§ **Required action**: Your answer should be the lines below from the one with "Figure 4.8 The" to the one with "本期大乐透开奖号码为:前区 2、3、8、13、21,后区 07、12。本期使用第3套摇奖球完成。", both included, given again exactly and with nothing added.

§ **Source data**:
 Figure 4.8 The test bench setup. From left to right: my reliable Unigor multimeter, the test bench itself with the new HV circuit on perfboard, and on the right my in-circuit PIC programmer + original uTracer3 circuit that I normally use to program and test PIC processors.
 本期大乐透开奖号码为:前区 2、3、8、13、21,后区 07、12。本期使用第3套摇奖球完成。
==
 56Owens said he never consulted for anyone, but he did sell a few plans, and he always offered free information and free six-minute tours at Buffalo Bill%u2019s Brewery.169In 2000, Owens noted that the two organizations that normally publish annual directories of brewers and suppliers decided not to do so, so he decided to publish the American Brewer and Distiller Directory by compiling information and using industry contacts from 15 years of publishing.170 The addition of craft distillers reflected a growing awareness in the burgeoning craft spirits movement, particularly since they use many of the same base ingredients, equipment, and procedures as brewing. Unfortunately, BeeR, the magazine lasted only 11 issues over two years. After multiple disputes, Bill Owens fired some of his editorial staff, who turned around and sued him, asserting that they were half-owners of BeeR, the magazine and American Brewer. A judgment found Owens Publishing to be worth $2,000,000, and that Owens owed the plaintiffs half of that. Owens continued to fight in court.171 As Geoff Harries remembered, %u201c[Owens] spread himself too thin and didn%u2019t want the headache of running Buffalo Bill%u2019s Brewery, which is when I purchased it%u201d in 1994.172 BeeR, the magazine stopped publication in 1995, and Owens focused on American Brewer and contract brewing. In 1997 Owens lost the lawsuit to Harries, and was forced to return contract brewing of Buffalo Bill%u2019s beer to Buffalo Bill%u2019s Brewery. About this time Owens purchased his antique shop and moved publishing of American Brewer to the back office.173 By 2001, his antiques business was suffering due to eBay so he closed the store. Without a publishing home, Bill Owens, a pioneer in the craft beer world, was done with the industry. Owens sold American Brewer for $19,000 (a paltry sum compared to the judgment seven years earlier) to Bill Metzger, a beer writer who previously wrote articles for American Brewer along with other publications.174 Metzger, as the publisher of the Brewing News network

§ **Answer for the task**:
 Figure 4.8 The test bench setup. From left to right: my reliable Unigor multimeter, the test bench itself with the new HV circuit on perfboard, and on the right my in-circuit PIC programmer + original uTracer3 circuit that I normally use to program and test PIC processors.
 本期大乐透开奖号码为:前区 2、3、8、13、21,后区 07、12。本期使用第3套摇奖球完成。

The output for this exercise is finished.